Also how did you install your mist nozzles? did you put them into the screen section on the top of your tank with the screen top wedges? Can you post a pic of the top of the tank with the nozzles installed.

Where did you get the R2 moonlights.


----------



## scrubbydan (Jan 31, 2012)

The Hygrometer is the combo Exo-Terra one. For some reason it never gets above 40% and in previous pics you'll see I have a glass top and I also have the screen sealed up. I have about an inch of resivoir water and plenty of condensation on the sides. As for making the screen wedges, I just used some black plastic (the plastic off the cover of an old fivestar notebook) and cut out a little square of it for each nozzle head. Then I drilled the 5/8" or whatever the size was for the MistKing nozzles in the plastic. I epoxied the little squares to the bottom of the screen frame above the door and then put the mistheads in.


----------



## scrubbydan (Jan 31, 2012)

Ok I had to put some color in this baby so I ordered some more broms. The Galaxy is the pinkish one in the back and looks much better than anticipated! I plan on putting some more pups on the tree in the middle when they get a little bigger. Now I am just waiting to see if I can culture frut flies before I get some froggies. I'm set on 4 D. Leucomelas. I want the orange ones, and am wondering if they just look orange in the pictures because I've seen yellow ones as well?

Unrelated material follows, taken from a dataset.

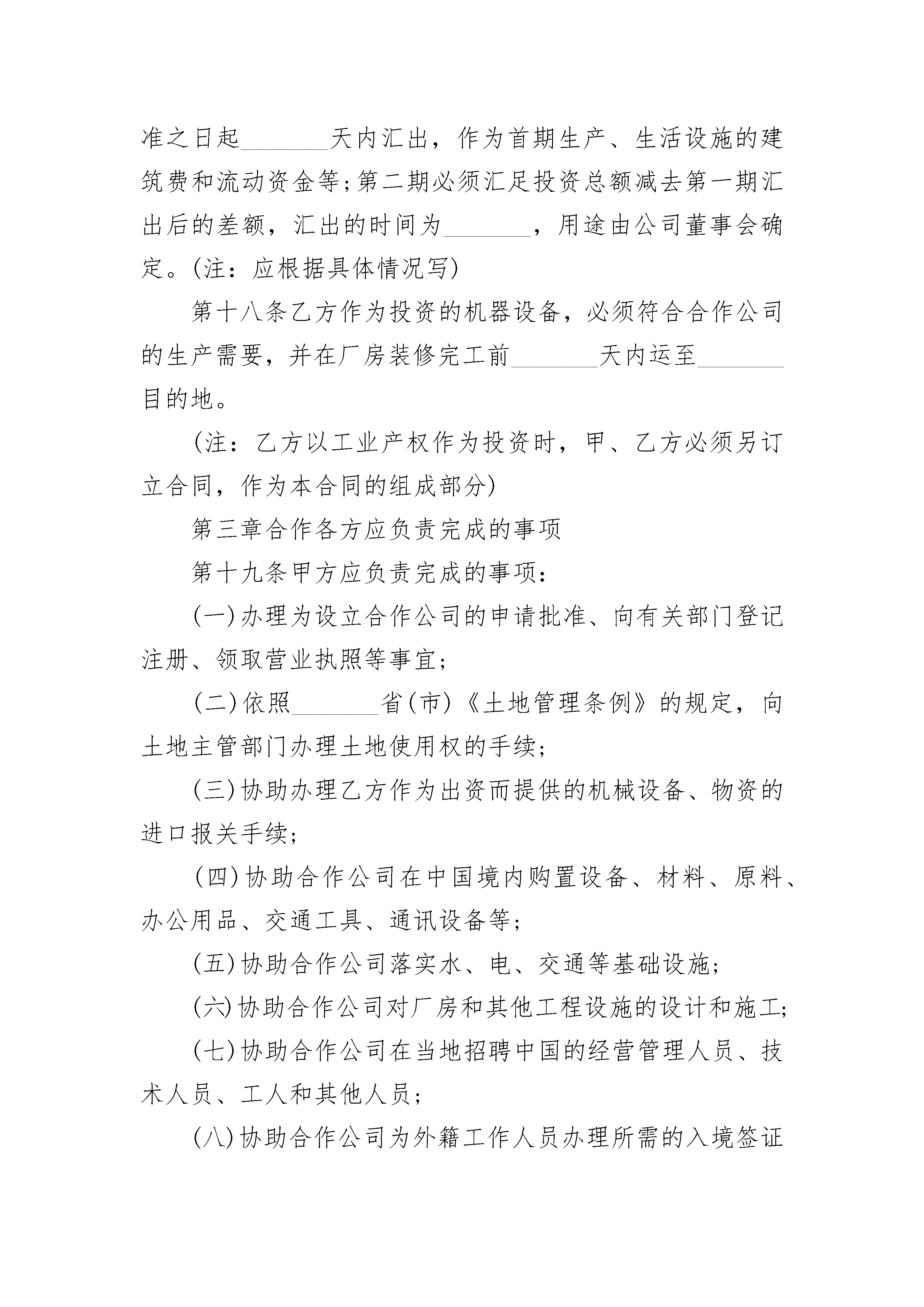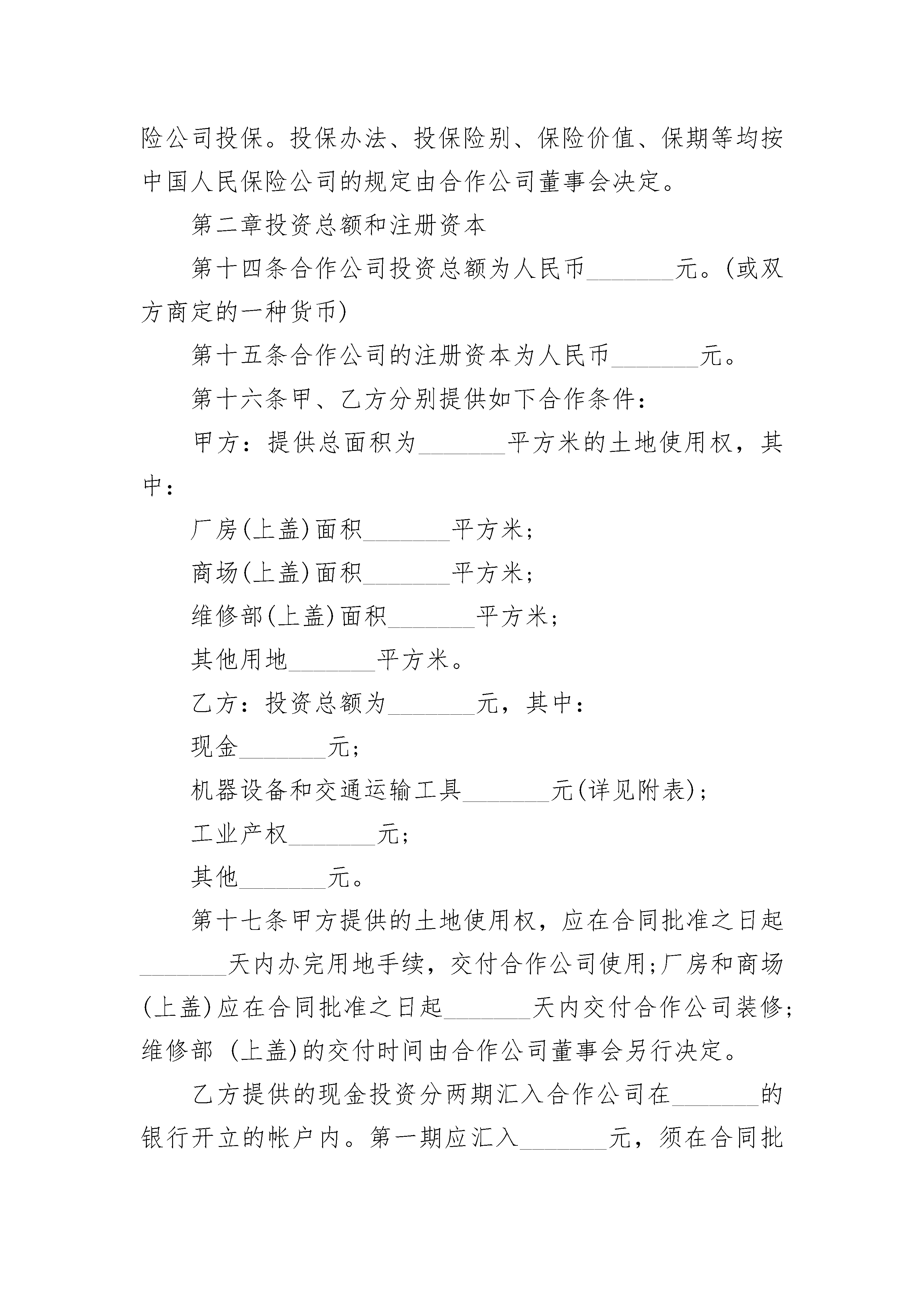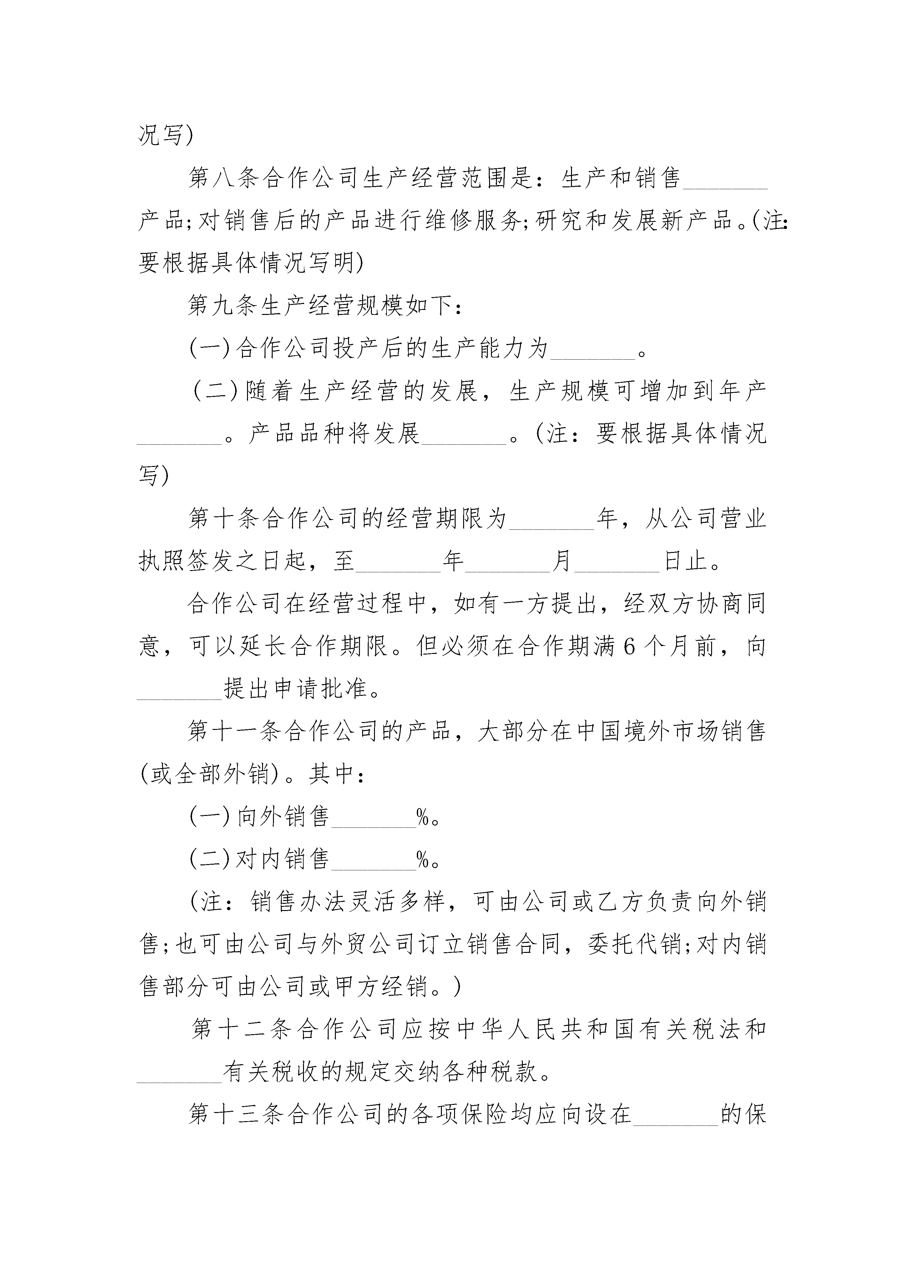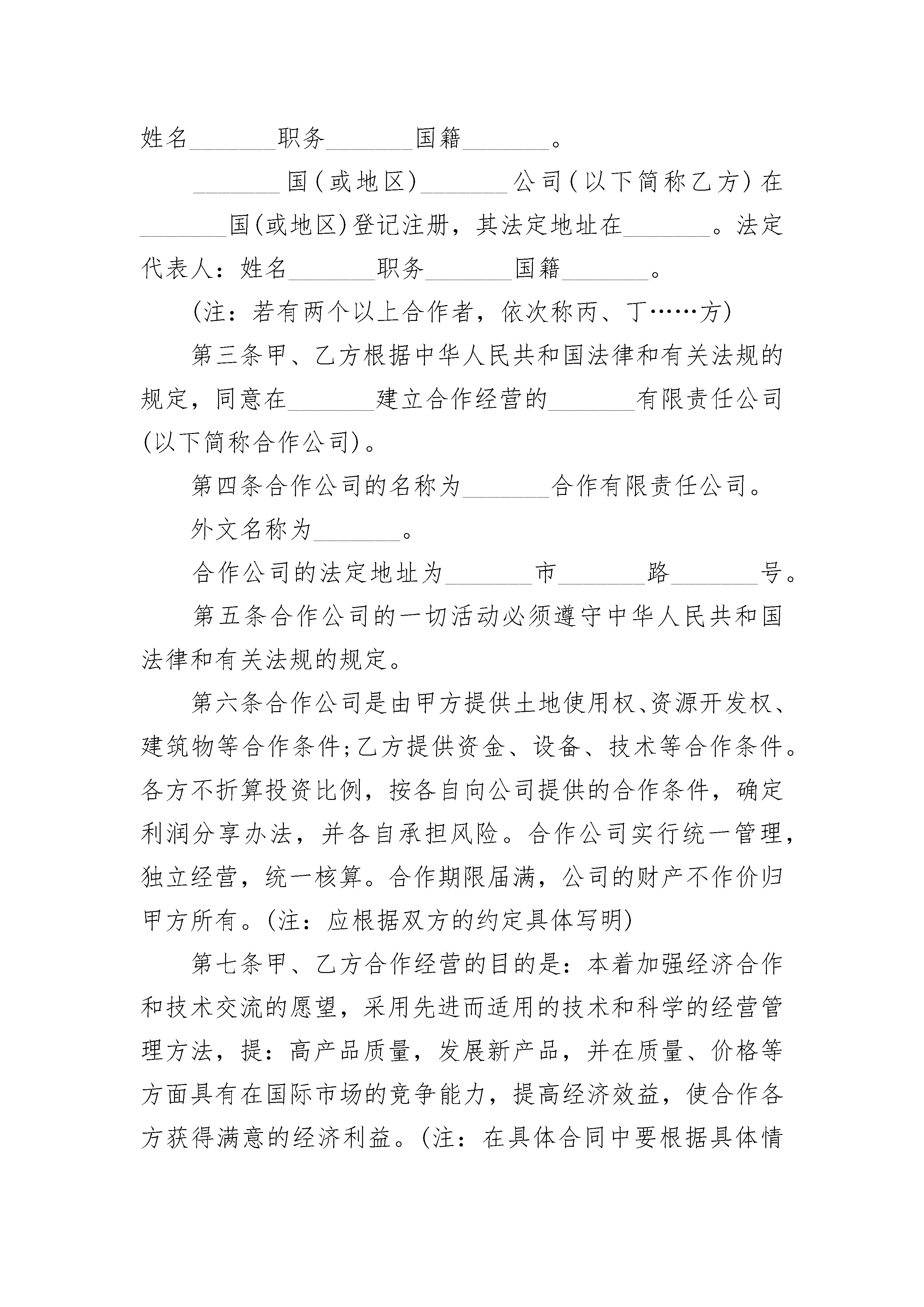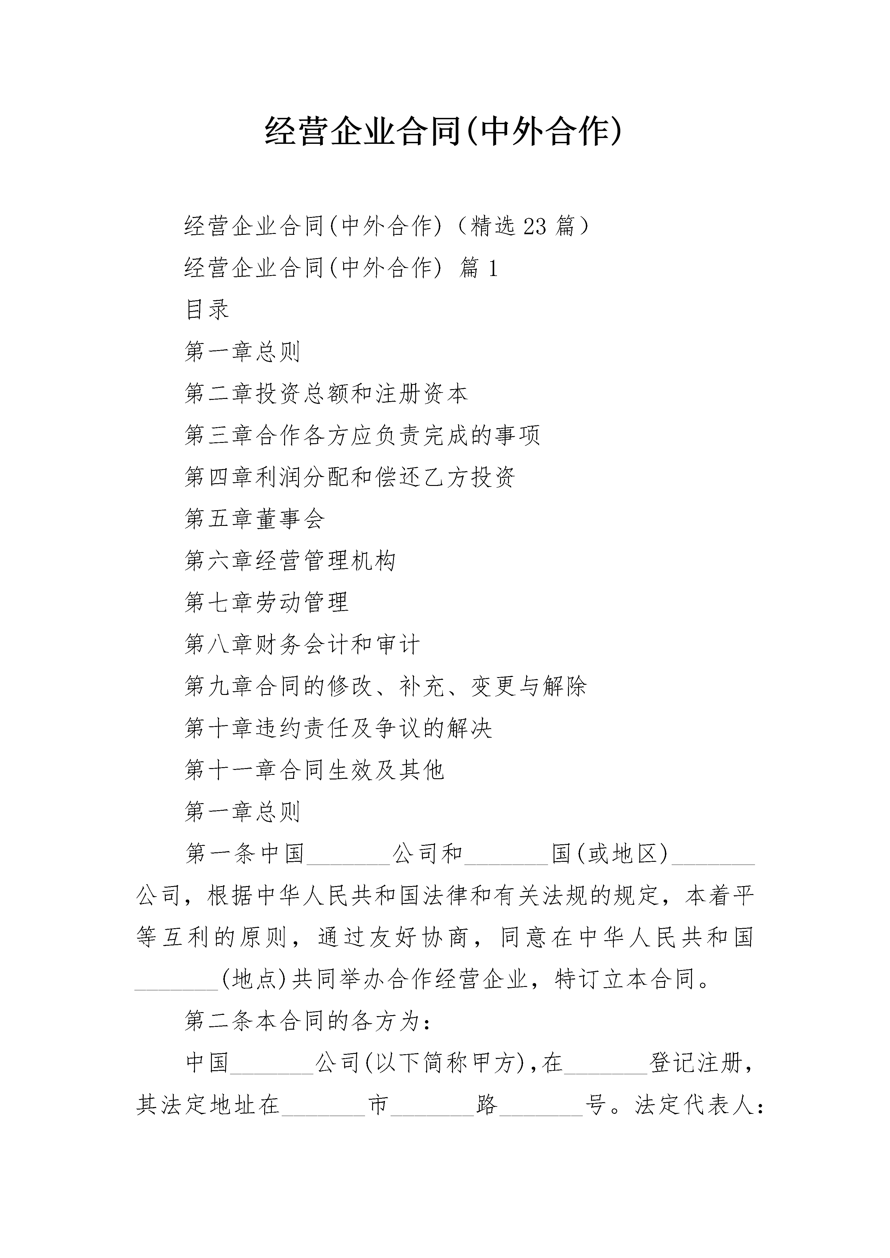 经营企业合同(中外合作)经营企业合同(中外合作)(精选23篇)经营企业合同(中外合作)篇1目录第一章总则第二章投资总额和注册资本第三章合作各方应负责完成的事项第四章利润分配和偿还乙方投资第五章董事会第六章经营管理机构第七章劳动管理第八章财务会计和审计第九章合同的修改、补充、变更与解除第十章违约责任及争议的解决第十一章合同生效及其他第一章总则第一条中国_______公司和_______国(或地区)_______公司,根据中华人民共和国法律和有关法规的规定,本着平等互利的原则,通过友好协商,同意在中华人民共和国_______(地点)共同举办合作经营企业,特订立本合同。第二条本合同的各方为:中国_______公司(以下简称甲方),在_______登记注册,其法定地址在_______市_______路_______号。法定代表人:姓名_______职务_______国籍_______。_______国(或地区)_______公司(以下简称乙方)在_______国(或地区)登记注册,其法定地址在_______。法定代表人:姓名_______职务_______国籍_______。(注:若有两个以上合作者,依次称丙、丁……方)第三条甲、乙方根据中华人民共和国法律和有关法规的规定,同意在_______建立合作经营的_______有限责任公司(以下简称合作公司)。第四条合作公司的名称为_______合作有限责任公司。外文名称为_______。合作公司的法定地址为_______市_______路_______号。第五条合作公司的一切活动必须遵守中华人民共和国法律和有关法规的规定。第六条合作公司是由甲方提供土地使用权、资源开发权、建筑物等合作条件;乙方提供资金、设备、技术等合作条件。各方不折算投资比例,按各自向公司提供的合作条件,确定利润分享办法,并各自承担风险。合作公司实行统一管理,独立经营,统一核算。合作期限届满,公司的财产不作价归甲方所有。(注:应根据双方的约定具体写明)第七条甲、乙方合作经营的目的是:本着加强经济合作和技术交流的愿望,采用先进而适用的技术和科学的经营管理方法,提:高产品质量,发展新产品,并在质量、价格等方面具有在国际市场的竞争能力,提高经济效益,使合作各方获得满意的经济利益。(注:在具体合同中要根据具体情况写)第八条合作公司生产经营范围是:生产和销售_______产品;对销售后的产品进行维修服务;研究和发展新产品。(注:要根据具体情况写明)第九条生产经营规模如下:(一)合作公司投产后的生产能力为_______。(二)随着生产经营的发展,生产规模可增加到年产_______。产品品种将发展_______。(注:要根据具体情况写)第十条合作公司的经营期限为_______年,从公司营业执照签发之日起,至_______年_______月_______日止。合作公司在经营过程中,如有一方提出,经双方协商同意,可以延长合作期限。但必须在合作期满6个月前,向_______提出申请批准。第十一条合作公司的产品,大部分在中国境外市场销售(或全部外销)。其中:(一)向外销售_______%。(二)对内销售_______%。(注:销售办法灵活多样,可由公司或乙方负责向外销售;也可由公司与外贸公司订立销售合同,委托代销;对内销售部分可由公司或甲方经销。)第十二条合作公司应按中华人民共和国有关税法和_______有关税收的规定交纳各种税款。第十三条合作公司的各项保险均应向设在_______的保险公司投保。投保办法、投保险别、保险价值、保期等均按中国人民保险公司的规定由合作公司董事会决定。第二章投资总额和注册资本第十四条合作公司投资总额为人民币_______元。(或双方商定的一种货币)第十五条合作公司的注册资本为人民币_______元。第十六条甲、乙方分别提供如下合作条件:甲方:提供总面积为_______平方米的土地使用权,其中:厂房(上盖)面积_______平方米;商场(上盖)面积_______平方米;维修部(上盖)面积_______平方米;其他用地_______平方米。乙方:投资总额为_______元,其中:现金_______元;机器设备和交通运输工具_______元(详见附表);工业产权_______元;其他_______元。第十七条甲方提供的土地使用权,应在合同批准之日起_______天内办完用地手续,交付合作公司使用;厂房和商场(上盖)应在合同批准之日起_______天内交付合作公司装修;维修部(上盖)的交付时间由合作公司董事会另行决定。乙方提供的现金投资分两期汇入合作公司在_______的银行开立的帐户内。第一期应汇入_______元,须在合同批准之日起_______天内汇出,作为首期生产、生活设施的建筑费和流动资金等;第二期必须汇足投资

Criticism is appreciated! (Red brom look ok behind the tree slightly?)


----------



## jeeperrs (Jan 14, 2010)

You did an outstanding job!


----------



## ajb28221 (Aug 23, 2011)

Wow! Really nice! The "tree" in the middle was a great addition, you need to plant some moss on that bad boy


----------



## scrubbydan (Jan 31, 2012)

Here is some pics of the 5 Leuc's I now have residing in my terrarium. They are about 2-3 months old in these pictures.


----------